Źródło "NYT" twierdzi, że sposób, w jaki w Polsce tworzona jest technologia 5G, jest "jaskrawym przykładem tego, w jaki sposób chiński rząd instaluje agentów wywiadu w oddziałach Huawei na całym świecie".
Gazeta przywołuje także wypowiedź płk. Grzegorza Małeckiego, byłego szefa Agencji Wywiadu (w latach 2015-2016), który wskazuje na zagrożenie wojsk USA stacjonujących w Polsce.
– To zrozumiałe, że USA chcą chronić swoje oddziały przed potencjalnym niebezpieczeństwem, a takim jest obca kontrola nad siecią 5G. Z punktu widzenia Polski zabezpieczenie obecności amerykańskich jednostek jest działaniem priorytetowym – powiedział płk Małecki amerykańskiej gazecie.
Huawei odpowiada
Firma oczywiście odpiera wszelkie zarzuty kierowane pod jej adresem. "Spółka Huawei przestrzega wszystkich obowiązujących praw i przepisów w krajach, w których prowadzi działalność. Ponadto od każdego swojego pracownika Spółka Huawei wymaga stosowania się do przepisów prawnych oraz zasad obowiązujących w krajach, w których firma ma swoje oddziały" – napisano w oświadczeniu po aresztowaniu.

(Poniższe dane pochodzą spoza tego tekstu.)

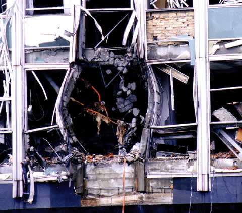 オフィスビルのため、ビル内部で爆発されたことによる被害の範囲は広い。ビル内部の壁 などは、ミサイル攻撃を考慮した設計にはなっていないはずだし。 |

Także zastrzeżenia urzędów i służb innych krajów doczekały się reakcji firmy. Ken Hu, zastępca szefa zarządu, odciął się od jakichkolwiek problemów z cyberbezpieczeństwem.
"Fakty mówią same za siebie – w Huawei nigdy nie mieliśmy do czynienia z poważnym incydentem związanym z bezpieczeństwem cybernetycznym naszego sprzętu. Nawet przy najbardziej rygorystycznym przeglądzie i kontroli przeprowadzanej przez organy regulacyjne lub naszych klientów, nigdy nie było żadnych dowodów wskazujących, że rozwiązania firmy stanowią zagrożenie dla bezpieczeństwa" – stwierdził w oświadczeniu.
"Uważamy też, że kwestia bezpieczeństwa cybernetycznego jest zagadnieniem globalnym i dotyczy całej branży, którym należy zająć się wspólnie. Zawsze chętnie podejmiemy otwarty dialog z każdym, kto ma uzasadnione obawy. Jednak w przypadku jakichkolwiek bezpodstawnych zarzutów będziemy stanowczo reagować, celem ochrony dobrego imienia firmy" – dodał.